Elixr Coffee - Philly, PA
Elixr is one of Philly’s premier coffee roaster
With 4 locations in the metroplex, they’ve found a niche among consumers.
Evan Inatome (owner) is an extremely savvy business owner as well as a coffee sommelier. We spoke early 2018 about working together on a project. He wanted to answer two questions
How can we capture the experience of a first time customer?
How can we optimize pricing?
Of course I had to expand that list
What items are most likely to be paired? (recommendations)
Of items w/ multiple sizes, which are most likely to sell the larger size? (upgrade recommendations)
What items sell most at certain times? (hour/day/season)
Explore customer traffic distribution throughout the day/week
Which items could be removed from the menu?
Data organization- Item misclassification in separate transactions
Hanging out at Center City location
Data Cleaning Process
A project of this nature will always require a monster munging effort. Elixr is a thriving business with over 20,000 transactions per month. These transactions are handled through SquareUp. Downloading the csv files for these transactions are easy. Cleaning this data was a nightmare. Removing artifacts, decifering duplicate names for the same product, etc was difficult. Take a look at the notebook outlining my cleaning and organizing process. The data in this notebook reflects only one quarter of sales for 2019.
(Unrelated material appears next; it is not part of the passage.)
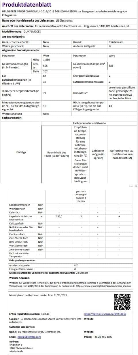 LG GLM71MCCSX, Klasse C, 386 L, Kühlgerät mit Touchdisplay, XXL-Stauraum, DoorCooling+, WiFi - Matte Black
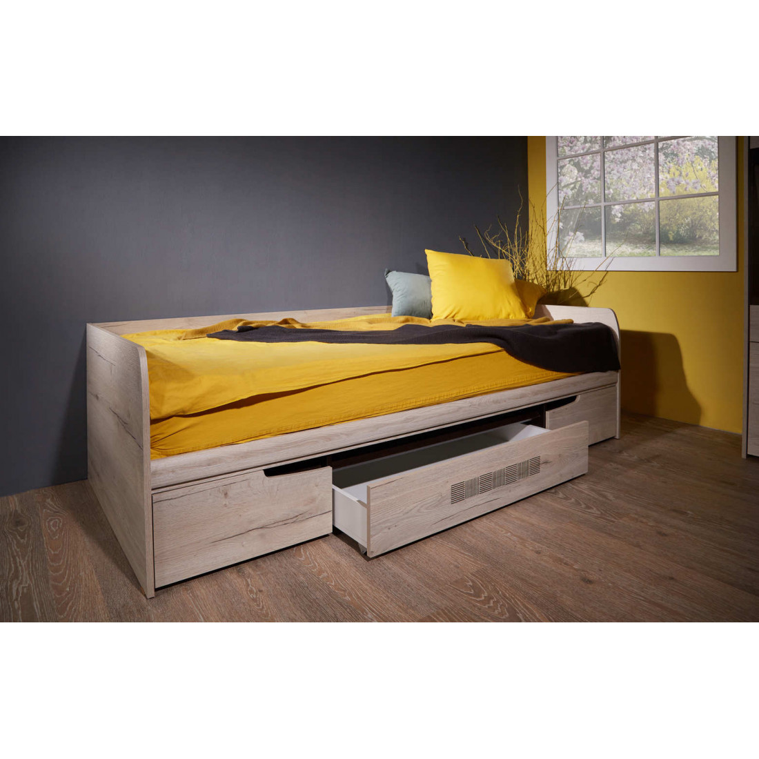 Кровать односпальная с ящиками Мале - обладательница лаконичного и свежего дизайна. Она является представителем коллекции «Мале». В этой коллекции особое внимание уделено внешнему виду и тактильным ощущениям от прикосновения к мебели, схожей с натуральным деревом по рисунку и шероховатости.

Probability Modeling for Promotion Development
Creativity is a major part of data science. I was tasked with finding a way to increase profit for perishable items, expose current customers to new add-on items and encourage new customer engagement. Taking a look at the notebook, you can see taken the quarterly sales and found the probability of of 1 beverage to a particular add on. I discovered the Chai Tea Latte has a high probability of being added with an Espresso Shot. I decided to pitch a week long promotion for a free Espresso Shot with the purchase of a Chai Tea Latte during high traffic hours.
Future Projects - We need to develop a way to evaluate a 1st time customers experience. How do we collect this data and what can we hope to derive from it?